Padilla le decía a Marta: «Es curioso. En conjunto sois unos críos. A veces me pregunto si no me he metido en un lío». Marta le contestaba: «Siéntate y calla». Y le soltaba otra circular.

El comandante Martínez de Soria espiaba, por su parte, los manejos de su hija. Ahora le parecía que Falange le sería de utilidad el día del Alzamiento, a pesar de que eran tan pocos. «Lástima que no sean doscientos». Con todo, tenía más confianza aún en los tradicionalistas. «Los tradicionalistas tienen una ventaja —pensaba—. Casi todos son cazadores; en cambio, de esos chicos posiblemente sólo Jorge sabe manejar un fusil». Además, entre los tradicionalistas había muchos mayores de edad. Gente como don Pedro Oriol que, al dirigirse al cuartel, lo haría a conciencia.

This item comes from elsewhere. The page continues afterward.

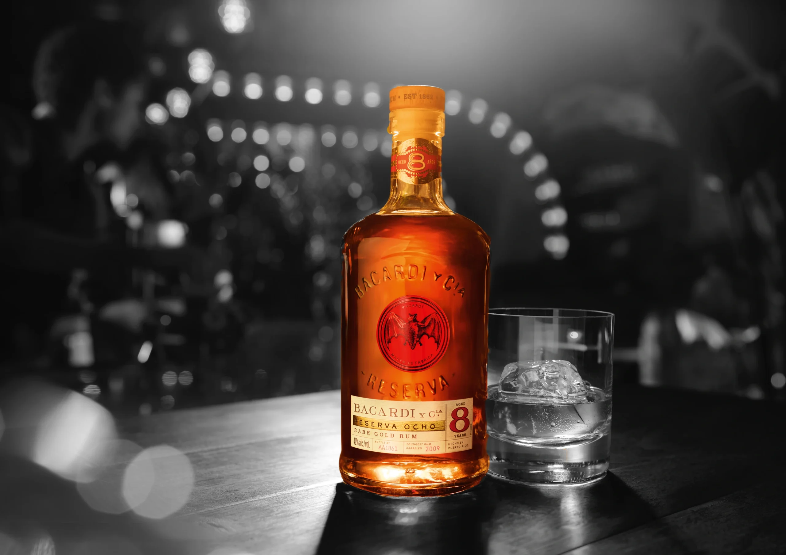 BACARDÍ Reserva Ocho ist ein komplexer goldener Rum mit einem intensiven, vielschichtigen und weichen Geschmack nach Trockenfrüchten, Gewürzen und Vanille mit feinen Eichenauszügen.
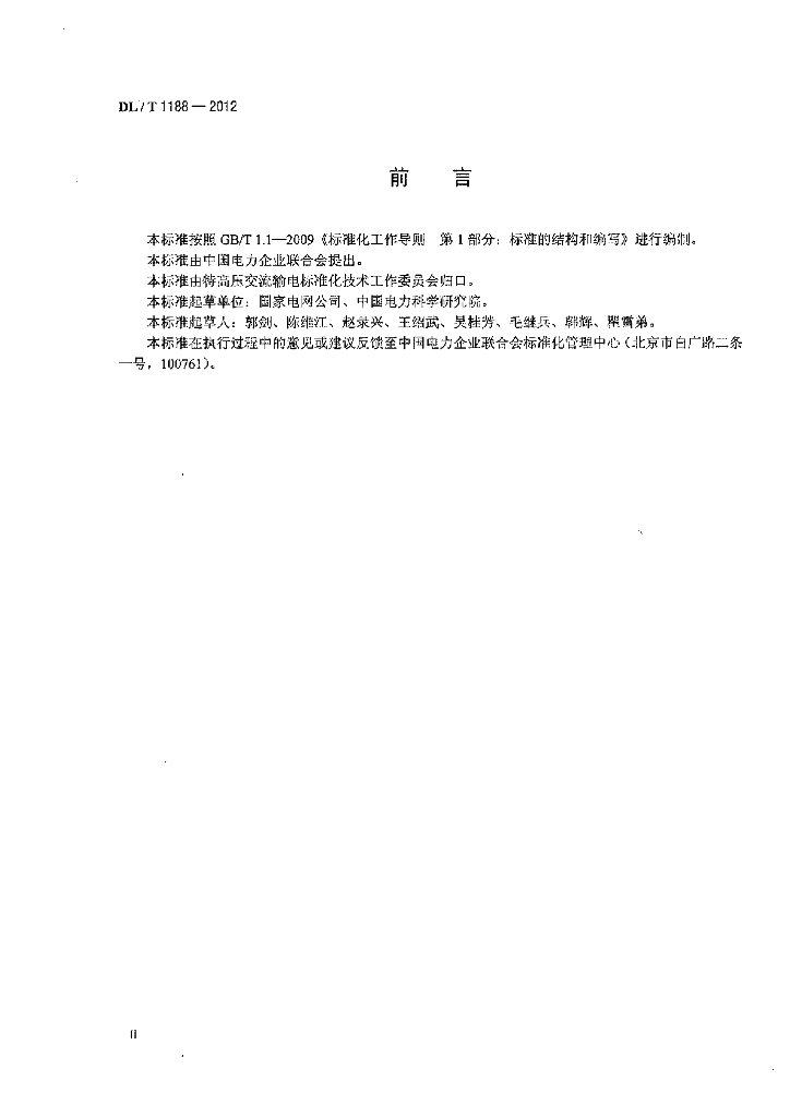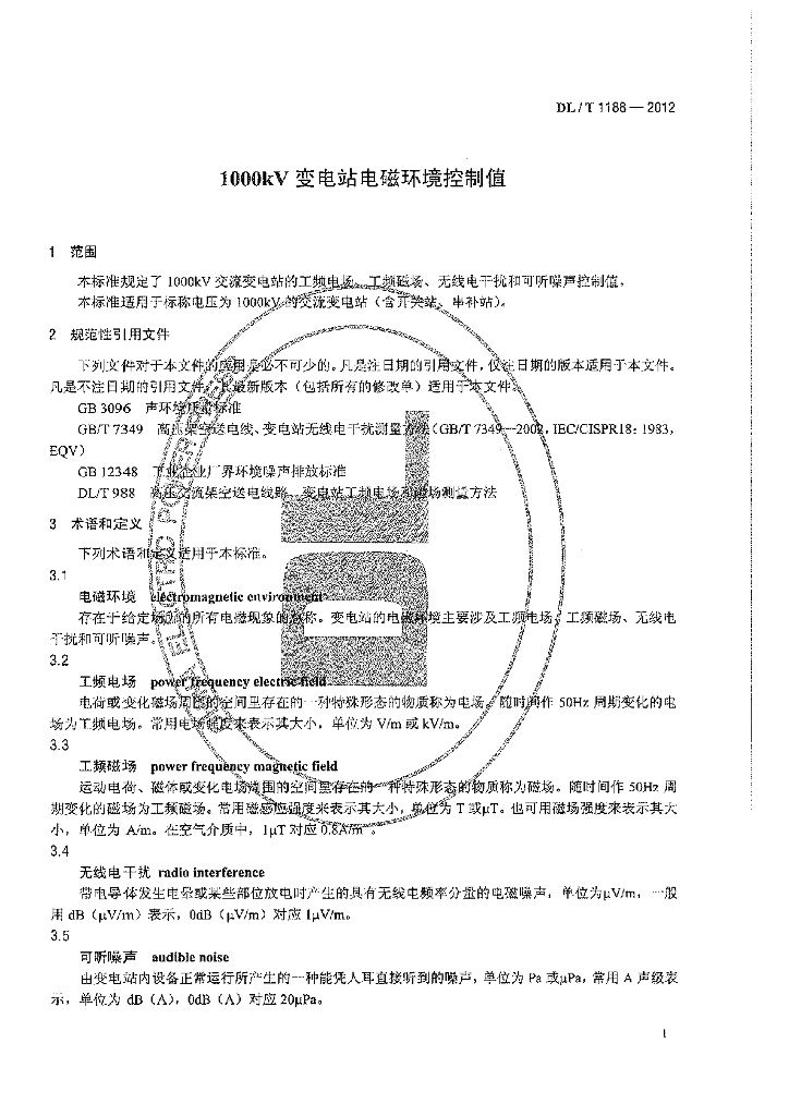 DL/T 1188-2012 1000kV变电站电磁环境控制值

El comandante estaba satisfecho porque después de muchas dudas se había entrevistado con el notario Noguer, y el notario le había contestado: «Cuente conmigo». El notario Noguer le dijo luego que no podía calcular el número de afiliados que se pondrían a sus órdenes en cuanto los avisara. «Ya sabe usted. Esto es muy grave… Y está por medio el asunto Cataluña. Sin embargo… me parece que muchos responderán. —Luego añadió, poniendo la mano sobre la mesa como si ésta fuera un acta—: De todos modos, cuente por lo menos con treinta hombres».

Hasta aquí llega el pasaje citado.